28,29 Provided for the general election of members of the legislative body.

30 Established the requirements for office in the legislative body.

31 Defined the mechanisms by which bills become law. A bill can be proposed in either house but must be passed by a majority vote in both houses to become a law. A bill that is passed by both houses is presented to the Governor for his signature. Upon the signature of the governor, the bill becomes law. If the governor does not sign the bill or vetoes it, the legislature can override the veto with a 2/3rd majority vote. Requires that all bills passed by the legislative body be reported to the United States Congress and enables the United States Congress to annul them.

33 Provided for the transition of then existing court system unto the official court system. Provided for the nomination of the chief justice by the President of the United States with the advice and consent of the United States Senate.

34 Created the United States District of Puerto Rico and established a district judge to be appointed by the President of the United States with the advice and consent of the United States Senate for a term of four years.

38 Prevented export duties from being levied and collected. Provided that the legislative body may implement taxes for the general purposes of government, protecting the public credit, and reimbursing the United States government for funds expended out of the emergency fund of the War Department for relief of the industrial situation caused by the hurricane of August 8, 1899. Prevented the government of Puerto Rico and all of its municipalities from entering into debt in excess of seven percent of the aggregate tax value of its property.

39 Created the position of Resident Commissioner to the United States with a term of two years.

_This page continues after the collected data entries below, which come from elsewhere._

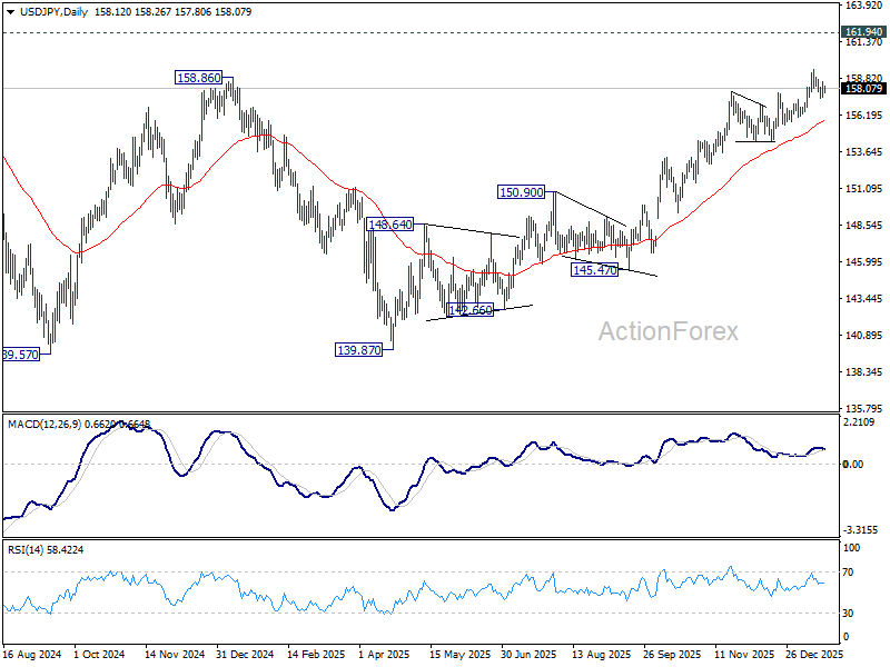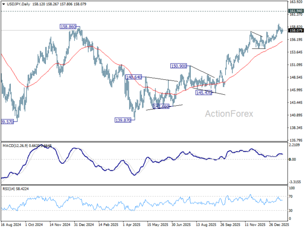 In the bigger picture, corrective pattern from 161.94 (2024 high) should have completed with three waves at 139.87. Larger up trend from 102.58 (2021 low) could be ready to resume through 161.94. Decisive break of 158.86 structural resistance will solidify this bullish case and target 161.94 for confirmation. On the downside, break of 154.38 support will dampen this bullish view and extend the corrective range pattern with another falling leg.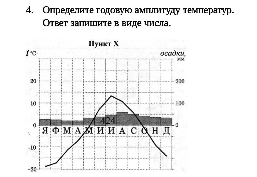Помогите пожалуйста. Определите годовую амплитуду температур. Ответ запишите в виде числа.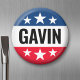 A fun design featuring Gavin's name in the style of the I Like Ike button from history. A classic design for the Governor of California - Gavin Newsom. A patriotic stars and stripes design for Newsom running for President in the election.
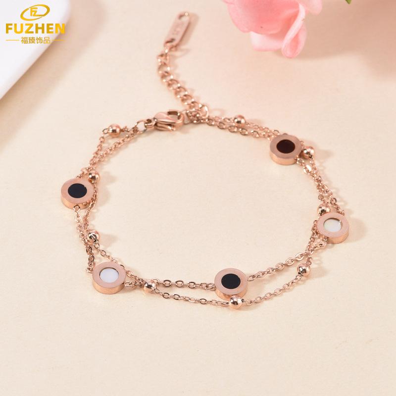 Pulsera de acero de titanio y oro rosa de 18 quilates con disco pequeño de nácar, estilo retro, doble cadena, venta al por mayor, suministro de comercio exterior¥13.5Compre ya

40 Created a three-member commission consisting of three citizens of Puerto Rico and appointed by the President of the United States with the advice and consent of the United States Senate. The commission was tasked to compile and revise the laws of Puerto Rico as well as the codes of procedure and systems of municipal government to provide for "a simple, harmonious, and economical government", establish justice and secure its prompt and efficient administration, inaugurate a general system of education and public instruction, provide buildings and funds therefore, equalize and simplify taxation and all the methods of raising revenue, and make all other provisions that may be necessary to secure and extend the benefits of a republican form of government to all the inhabitants of Puerto Rico. The final report of this committee was to be presented to the United States Congress within a year of the passing of the act.